I realized, what if i define const int into the body of c++ function and then use the address arithmetic to change the value of the constant( its on the stack, isn't it? ). i got this code:
const int a = 10;
int b = 100;
int * c = &b;
c++;
cout << "&a: " << &a << endl;
cout << " c: " << c << endl;
*c = 100500;
cout << " a: " << a << endl;
cout << "*c: " << *c << endl;
and i got this output
&a: 0x7ffff63866a8
c: 0x7ffff63866a8
a: 10
*c: 100500
So, addresses are the same, but values are different. Can someone explain me this result? Thanks! p.s. i tried on GCC, Clang and VS
const int a = 10;
int b = 100;
OK.
int * c = &b;
OK, but silly and my bug-o-meter is starting to twiddle.
c++;
Bug-o-meter now in the yellow zone.
cout << "&a: " << &a << endl;
OK
*c = 100500;
Bug-o-meter pegged. Undefined Behavior invoked. World explodes, you get fired.

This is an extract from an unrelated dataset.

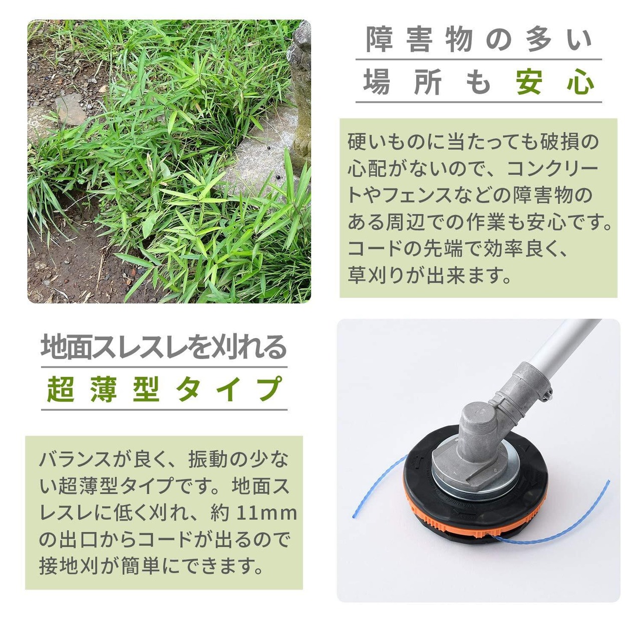 【特徴】分解なしで簡単にコードの交換が可能な自動繰り出しナイロンカッターです。23cc以上のエンジン式刈払機に使用できます。作業中ナイロンコードが短くなると自動的に繰り出されます。自動繰り出しされない場合は、一度回転を下げてアイドリング状態にし、再度回転を上げれば自動繰り出しが行われます。バランスが良く、振動の少ない超薄型タイプで地面スレスレに低く刈れ、約11mmの出口からコードが出るので接地刈が簡単にできます。硬いものに当たっても破損の心配がないので、コンクリートやフェンスなどの障害物のある周辺での作業も安心です。コードの先端で効率良く、草刈りが出来ます。部品が少なくシンプルな構造なので交換の手間がいらず故障しにくいです。

c++ moves the pointer to the next int in memory. The pointer math is OK, but all you can use c for at this point is to compare the pointer to another pointer. You can't dereference the pointer in any way. But that's what you do when you try to assign through it.
What happens next is irrelevant and, honestly, misleading. You think that c now points to the same memory as b, and maybe it does. But it's only through Undefined Behavior that this happened. You might also think that the value of *c is what you expect it to be, but this result is false. Maybe it is, maybe it isn't. You shattered the vial when you opened the box -- the cat is dead. And so is your program.
And by the way, if what you're trying to do is find a way to cheat the compiler so that you can change a const, don't -- it is strictly forbidden to change a const by any means.
There is a const_cast in C++, but that is also not a mechanism that you can use to change a const.